_Provided data_.

+++

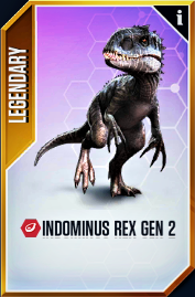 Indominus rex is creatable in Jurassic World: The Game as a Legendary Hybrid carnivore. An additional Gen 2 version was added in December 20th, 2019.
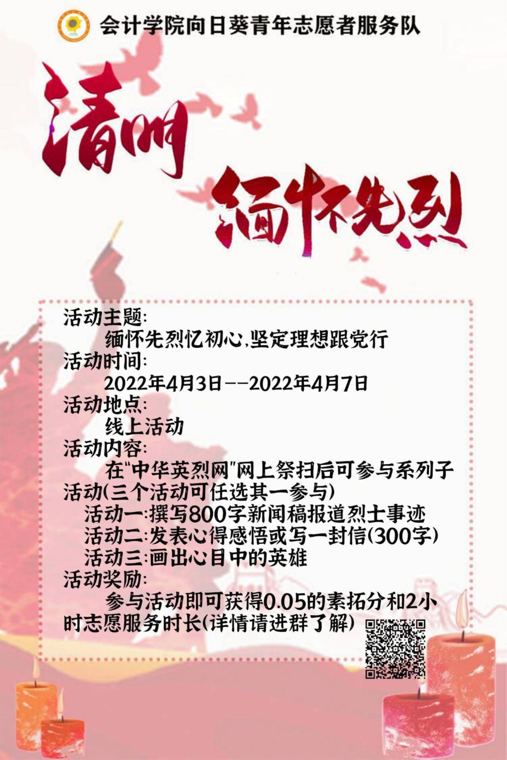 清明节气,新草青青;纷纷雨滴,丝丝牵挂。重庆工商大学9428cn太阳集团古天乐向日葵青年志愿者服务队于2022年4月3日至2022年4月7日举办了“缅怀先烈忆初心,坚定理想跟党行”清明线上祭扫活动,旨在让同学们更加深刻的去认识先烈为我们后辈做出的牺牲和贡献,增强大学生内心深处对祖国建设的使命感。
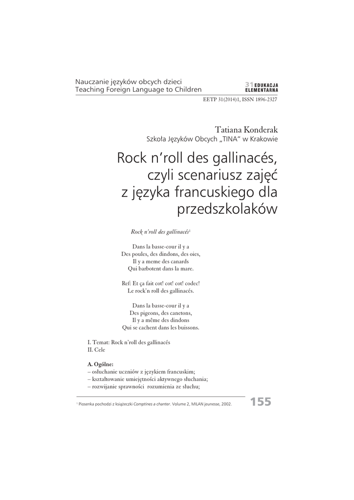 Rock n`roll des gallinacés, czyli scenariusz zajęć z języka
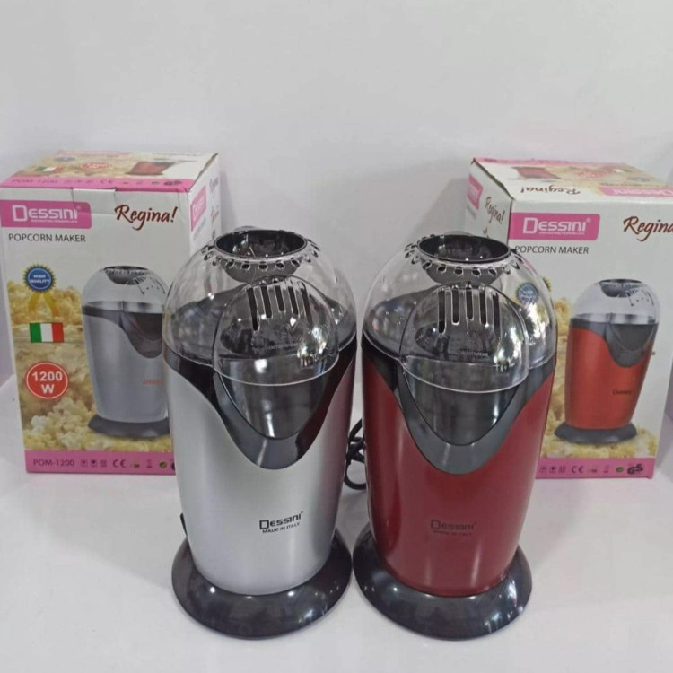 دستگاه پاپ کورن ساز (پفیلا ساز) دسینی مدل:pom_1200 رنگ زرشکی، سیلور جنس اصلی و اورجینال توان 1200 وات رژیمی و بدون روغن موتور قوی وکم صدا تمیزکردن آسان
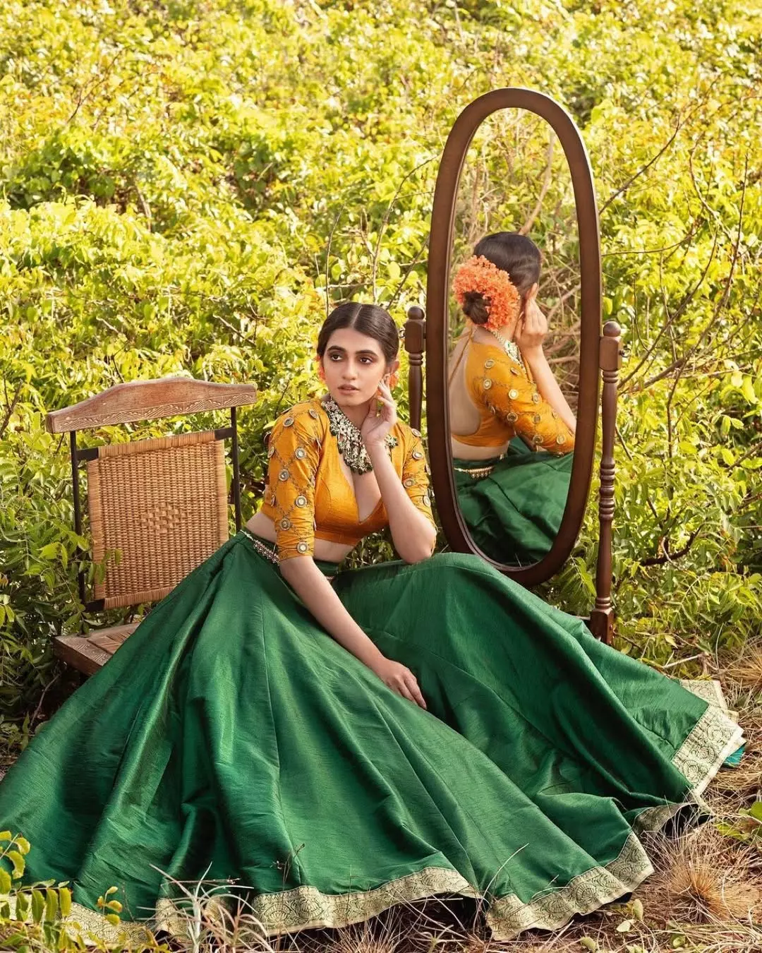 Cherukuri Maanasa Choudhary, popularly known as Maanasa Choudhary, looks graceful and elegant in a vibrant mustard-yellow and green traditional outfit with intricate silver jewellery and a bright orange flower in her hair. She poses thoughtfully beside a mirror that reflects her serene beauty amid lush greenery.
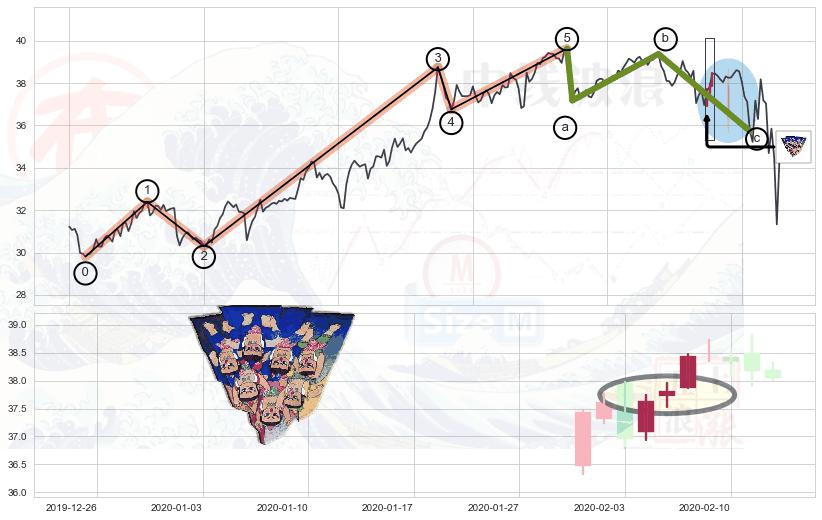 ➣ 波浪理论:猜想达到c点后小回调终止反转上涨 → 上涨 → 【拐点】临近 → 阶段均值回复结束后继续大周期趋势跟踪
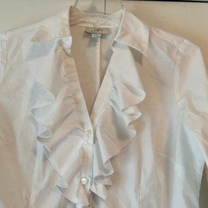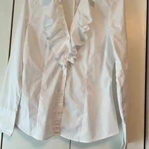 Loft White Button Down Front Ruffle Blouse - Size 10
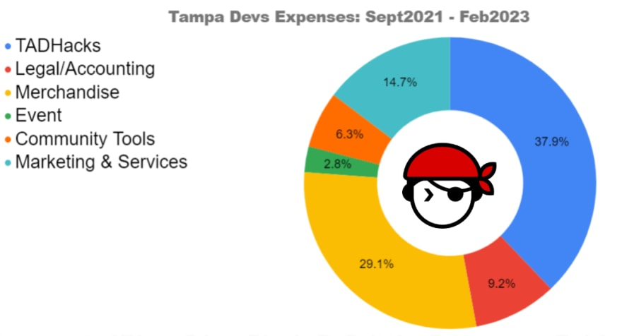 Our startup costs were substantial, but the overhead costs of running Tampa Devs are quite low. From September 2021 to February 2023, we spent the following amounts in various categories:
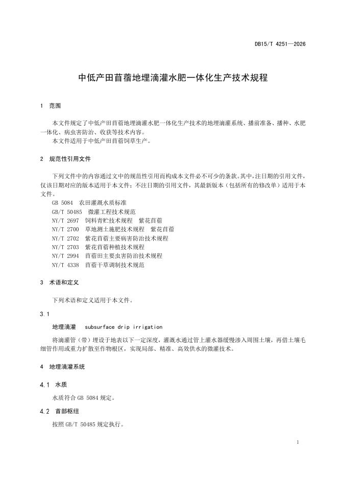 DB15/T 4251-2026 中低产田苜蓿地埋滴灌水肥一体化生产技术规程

+++

_Action item_. Copy the records above exactly, leaving out every picture.

_Result of the exercise_.
 Indominus rex is creatable in Jurassic World: The Game as a Legendary Hybrid carnivore. An additional Gen 2 version was added in December 20th, 2019.
 清明节气,新草青青;纷纷雨滴,丝丝牵挂。重庆工商大学9428cn太阳集团古天乐向日葵青年志愿者服务队于2022年4月3日至2022年4月7日举办了“缅怀先烈忆初心,坚定理想跟党行”清明线上祭扫活动,旨在让同学们更加深刻的去认识先烈为我们后辈做出的牺牲和贡献,增强大学生内心深处对祖国建设的使命感。
 Rock n`roll des gallinacés, czyli scenariusz zajęć z języka
 دستگاه پاپ کورن ساز (پفیلا ساز) دسینی مدل:pom_1200 رنگ زرشکی، سیلور جنس اصلی و اورجینال توان 1200 وات رژیمی و بدون روغن موتور قوی وکم صدا تمیزکردن آسان
 Cherukuri Maanasa Choudhary, popularly known as Maanasa Choudhary, looks graceful and elegant in a vibrant mustard-yellow and green traditional outfit with intricate silver jewellery and a bright orange flower in her hair. She poses thoughtfully beside a mirror that reflects her serene beauty amid lush greenery.
 ➣ 波浪理论:猜想达到c点后小回调终止反转上涨 → 上涨 → 【拐点】临近 → 阶段均值回复结束后继续大周期趋势跟踪
 Loft White Button Down Front Ruffle Blouse - Size 10
 Our startup costs were substantial, but the overhead costs of running Tampa Devs are quite low. From September 2021 to February 2023, we spent the following amounts in various categories:
 DB15/T 4251-2026 中低产田苜蓿地埋滴灌水肥一体化生产技术规程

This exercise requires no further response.